─── DATA ───

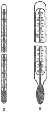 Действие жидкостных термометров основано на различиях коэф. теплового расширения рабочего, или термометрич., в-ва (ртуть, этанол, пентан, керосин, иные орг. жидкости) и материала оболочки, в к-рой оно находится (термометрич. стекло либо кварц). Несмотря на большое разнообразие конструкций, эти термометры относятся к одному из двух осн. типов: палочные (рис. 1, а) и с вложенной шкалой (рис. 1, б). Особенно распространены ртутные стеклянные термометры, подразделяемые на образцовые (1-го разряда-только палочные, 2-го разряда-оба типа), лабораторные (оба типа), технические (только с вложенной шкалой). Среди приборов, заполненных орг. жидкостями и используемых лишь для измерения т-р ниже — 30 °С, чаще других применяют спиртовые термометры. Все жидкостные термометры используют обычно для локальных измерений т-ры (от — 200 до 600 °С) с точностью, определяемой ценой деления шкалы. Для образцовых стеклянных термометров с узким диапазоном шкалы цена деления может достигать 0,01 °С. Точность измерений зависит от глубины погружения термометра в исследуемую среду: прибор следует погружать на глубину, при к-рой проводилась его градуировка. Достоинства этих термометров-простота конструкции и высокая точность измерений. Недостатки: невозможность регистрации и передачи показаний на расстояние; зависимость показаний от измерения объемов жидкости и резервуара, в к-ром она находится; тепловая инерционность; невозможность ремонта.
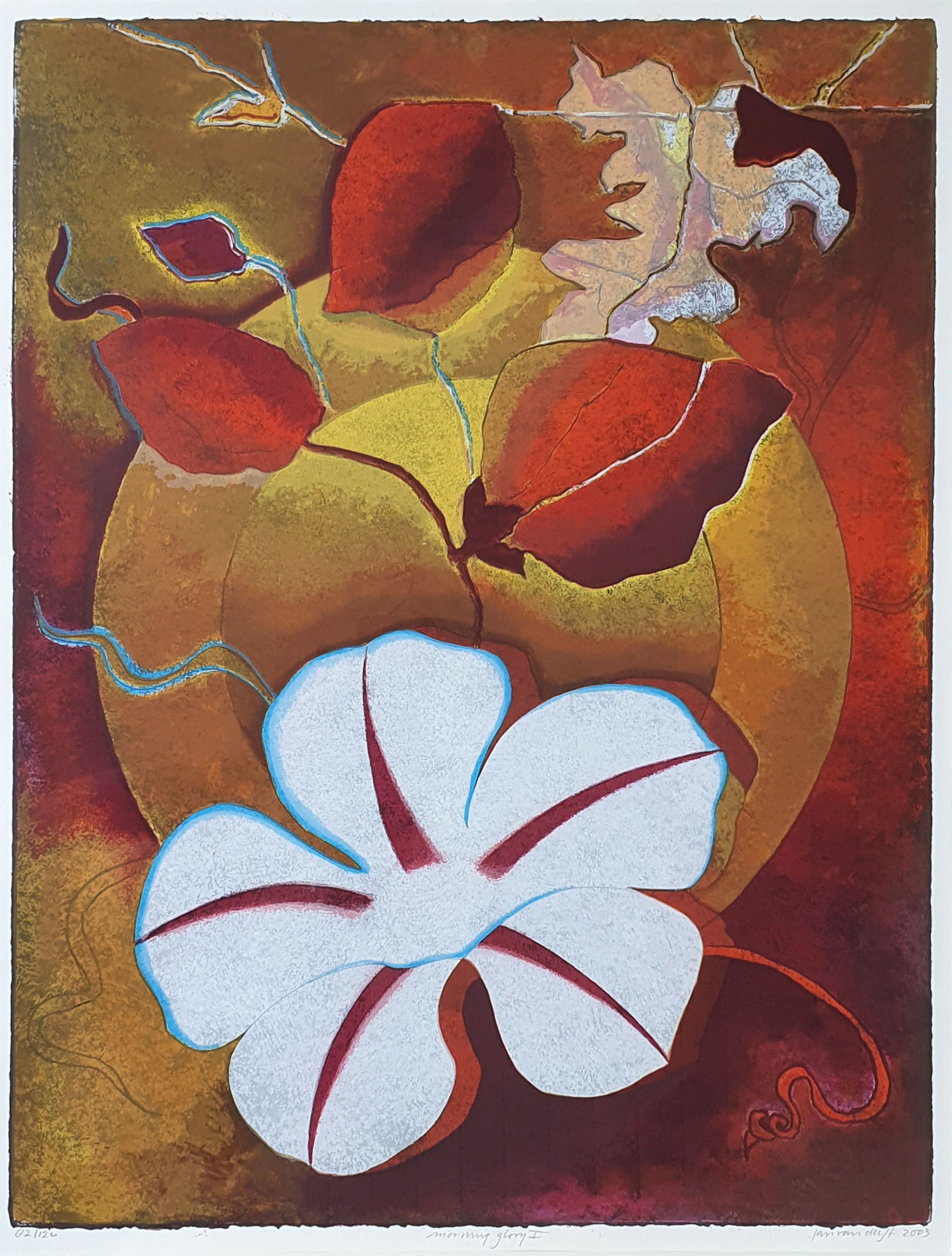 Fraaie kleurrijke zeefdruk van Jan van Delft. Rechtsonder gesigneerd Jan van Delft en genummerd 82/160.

───
─── DATA ───

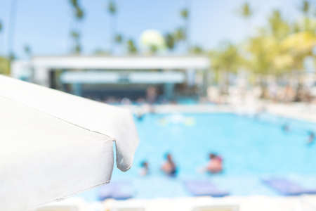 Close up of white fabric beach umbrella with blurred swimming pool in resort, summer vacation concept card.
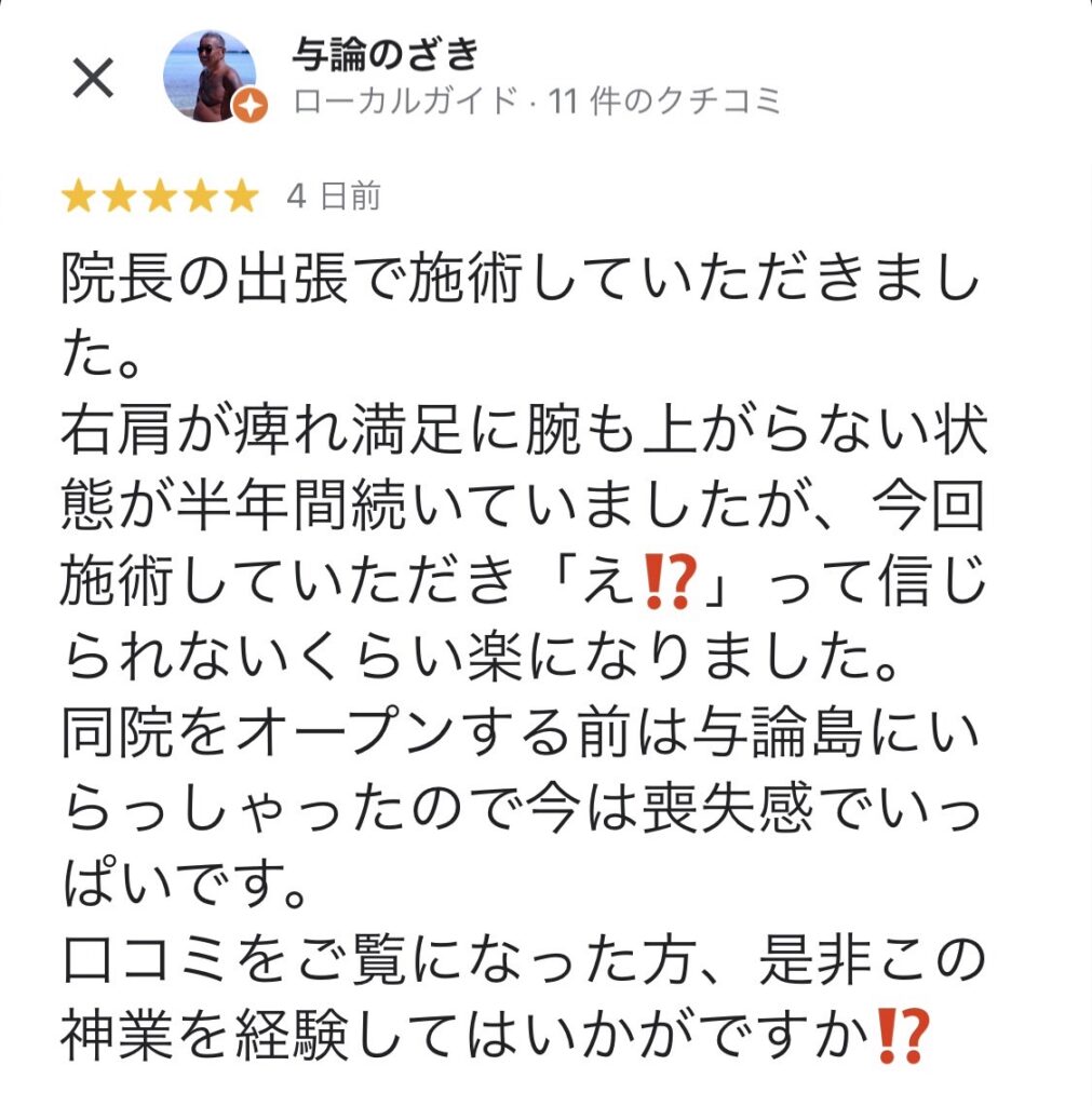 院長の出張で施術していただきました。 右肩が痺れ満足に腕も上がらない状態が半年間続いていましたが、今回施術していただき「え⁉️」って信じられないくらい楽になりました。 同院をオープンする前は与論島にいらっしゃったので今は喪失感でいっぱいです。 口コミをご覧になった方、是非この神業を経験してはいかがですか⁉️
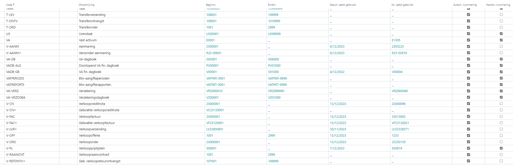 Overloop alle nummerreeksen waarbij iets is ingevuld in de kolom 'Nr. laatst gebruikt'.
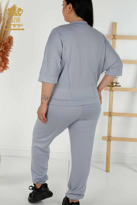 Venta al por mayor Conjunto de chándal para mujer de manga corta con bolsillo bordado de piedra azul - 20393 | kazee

───

▶ **WHAT YOU WILL DO**
Above are some records. Output exactly the lines from the one that contains "Close up of" to the one that contains "Overloop alle nummerreeksen", keeping both, and omit the pictures.

▶ **REPLY TO THE EXERCISE**
 Close up of white fabric beach umbrella with blurred swimming pool in resort, summer vacation concept card.
 院長の出張で施術していただきました。 右肩が痺れ満足に腕も上がらない状態が半年間続いていましたが、今回施術していただき「え⁉️」って信じられないくらい楽になりました。 同院をオープンする前は与論島にいらっしゃったので今は喪失感でいっぱいです。 口コミをご覧になった方、是非この神業を経験してはいかがですか⁉️
 Overloop alle nummerreeksen waarbij iets is ingevuld in de kolom 'Nr. laatst gebruikt'.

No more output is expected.